**WHAT IS EXPECTED:**
In the data below, set down exactly the lines from the one containing "U.S. President Donald" up to and including the one containing "silhouettes of women". Leave the pictures out.

**INPUT FOR THIS TASK:**
■ ■ ■ ■ ■

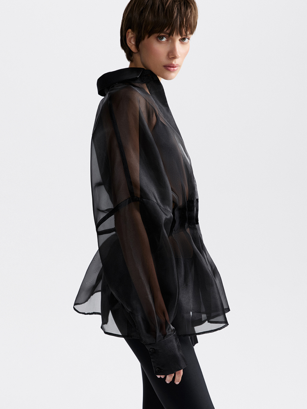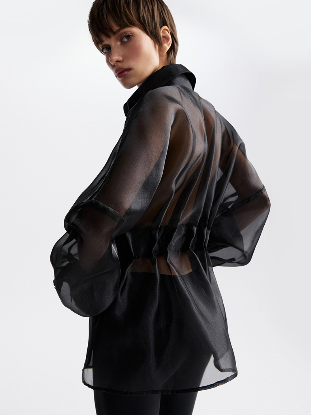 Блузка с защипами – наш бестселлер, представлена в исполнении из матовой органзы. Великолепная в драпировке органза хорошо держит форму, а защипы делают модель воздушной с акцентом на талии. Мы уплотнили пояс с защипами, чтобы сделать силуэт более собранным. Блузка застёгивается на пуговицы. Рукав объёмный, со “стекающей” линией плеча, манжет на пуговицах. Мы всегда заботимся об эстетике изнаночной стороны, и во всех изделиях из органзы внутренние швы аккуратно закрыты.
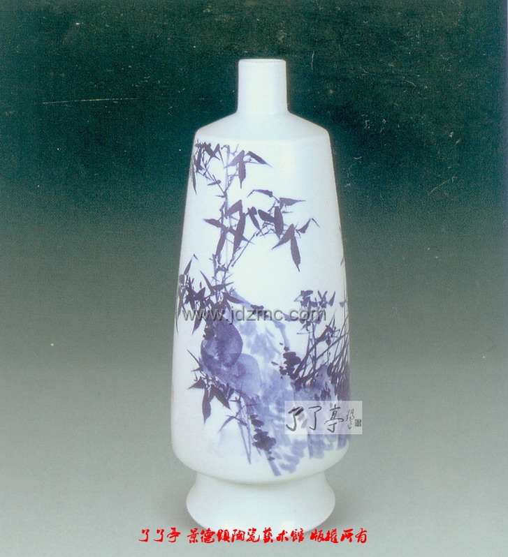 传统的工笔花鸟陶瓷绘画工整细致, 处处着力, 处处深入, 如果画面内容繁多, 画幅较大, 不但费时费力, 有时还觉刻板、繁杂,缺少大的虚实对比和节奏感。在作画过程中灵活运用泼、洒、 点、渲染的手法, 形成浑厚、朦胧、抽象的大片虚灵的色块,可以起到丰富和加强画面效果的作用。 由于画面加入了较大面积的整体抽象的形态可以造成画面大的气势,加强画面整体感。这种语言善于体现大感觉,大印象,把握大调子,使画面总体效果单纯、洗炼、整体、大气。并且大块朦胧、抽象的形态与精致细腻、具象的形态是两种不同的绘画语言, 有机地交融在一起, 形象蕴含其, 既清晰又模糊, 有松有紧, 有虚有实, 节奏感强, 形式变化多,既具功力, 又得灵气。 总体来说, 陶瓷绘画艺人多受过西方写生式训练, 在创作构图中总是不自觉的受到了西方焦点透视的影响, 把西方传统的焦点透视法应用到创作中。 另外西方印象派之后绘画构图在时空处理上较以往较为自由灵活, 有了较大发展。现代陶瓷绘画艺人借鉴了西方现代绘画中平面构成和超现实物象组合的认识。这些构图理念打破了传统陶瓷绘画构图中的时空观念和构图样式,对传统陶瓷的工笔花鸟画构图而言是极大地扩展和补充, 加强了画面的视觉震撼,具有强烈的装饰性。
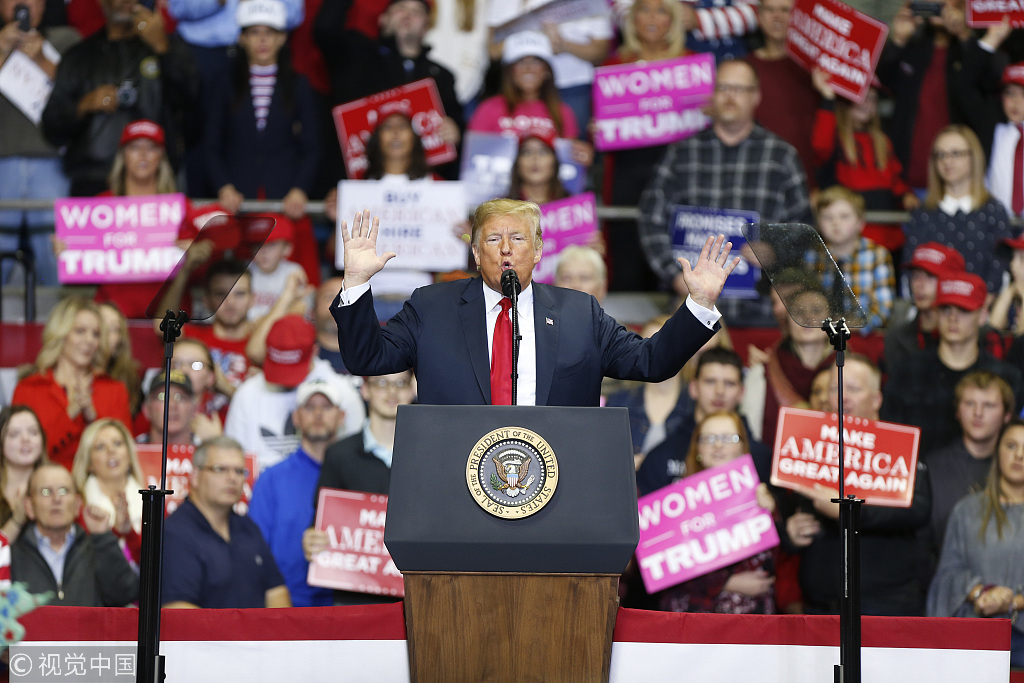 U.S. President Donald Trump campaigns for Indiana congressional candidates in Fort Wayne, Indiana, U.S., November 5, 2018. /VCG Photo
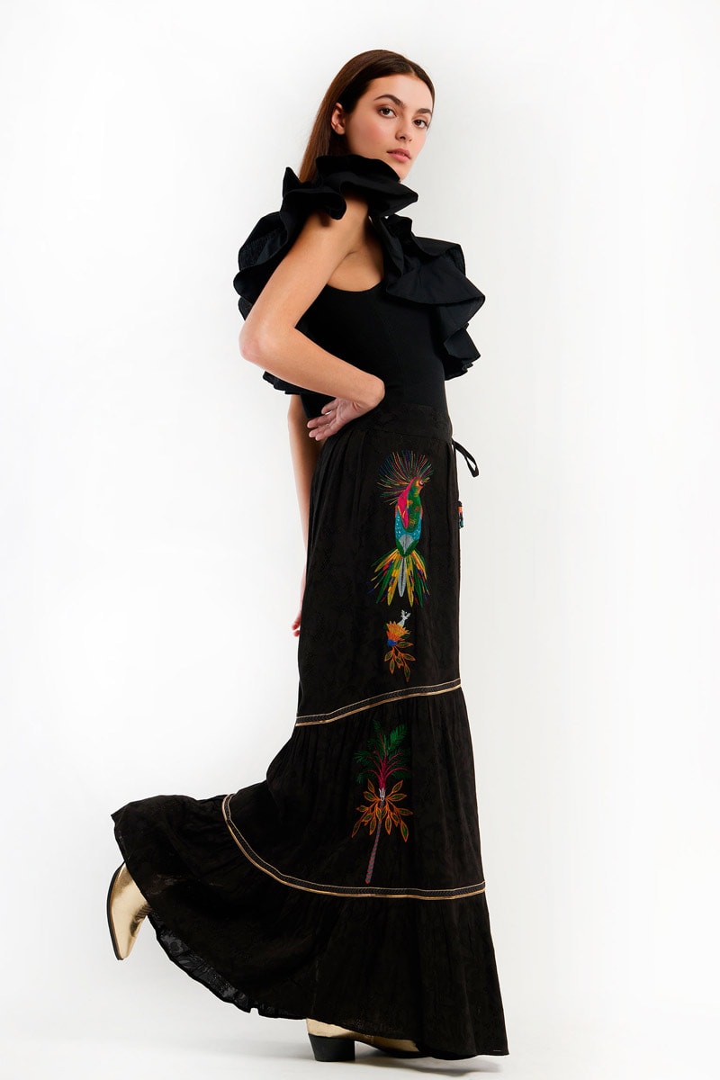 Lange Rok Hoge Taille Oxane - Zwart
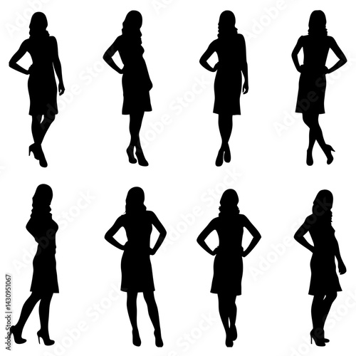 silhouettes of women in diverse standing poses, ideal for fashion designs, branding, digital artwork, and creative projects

■ ■ ■ ■ ■

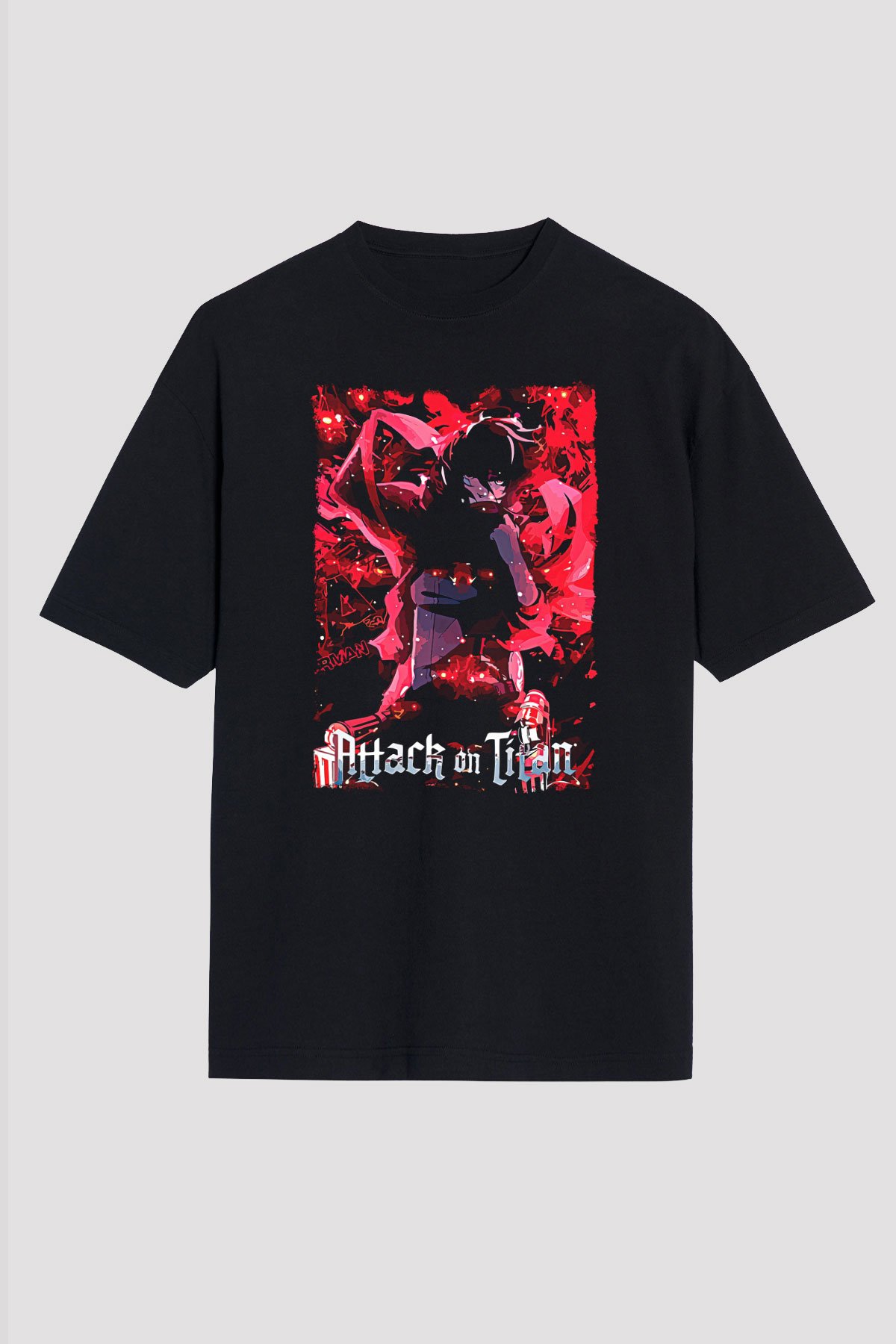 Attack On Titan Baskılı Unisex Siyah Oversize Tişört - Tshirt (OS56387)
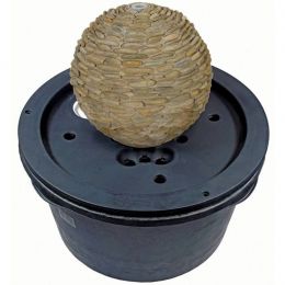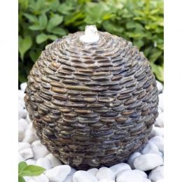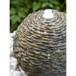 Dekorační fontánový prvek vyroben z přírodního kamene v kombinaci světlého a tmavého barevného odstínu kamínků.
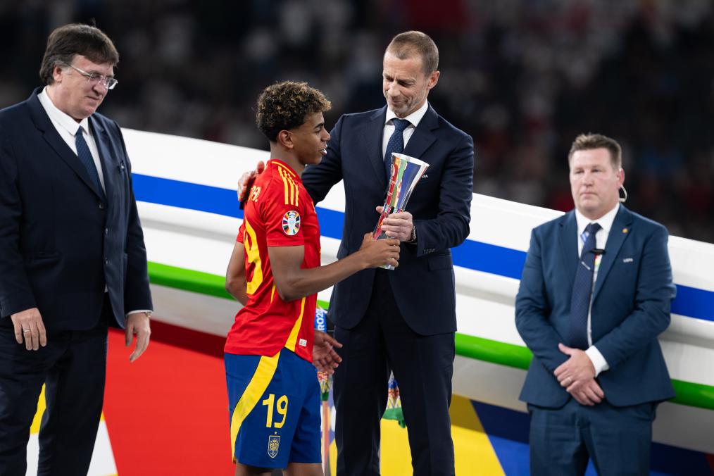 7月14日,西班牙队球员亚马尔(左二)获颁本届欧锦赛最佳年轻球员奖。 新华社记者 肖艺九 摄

■ ■ ■ ■ ■

**YOUR RESPONSE:**
 U.S. President Donald Trump campaigns for Indiana congressional candidates in Fort Wayne, Indiana, U.S., November 5, 2018. /VCG Photo
 Lange Rok Hoge Taille Oxane - Zwart
 silhouettes of women in diverse standing poses, ideal for fashion designs, branding, digital artwork, and creative projects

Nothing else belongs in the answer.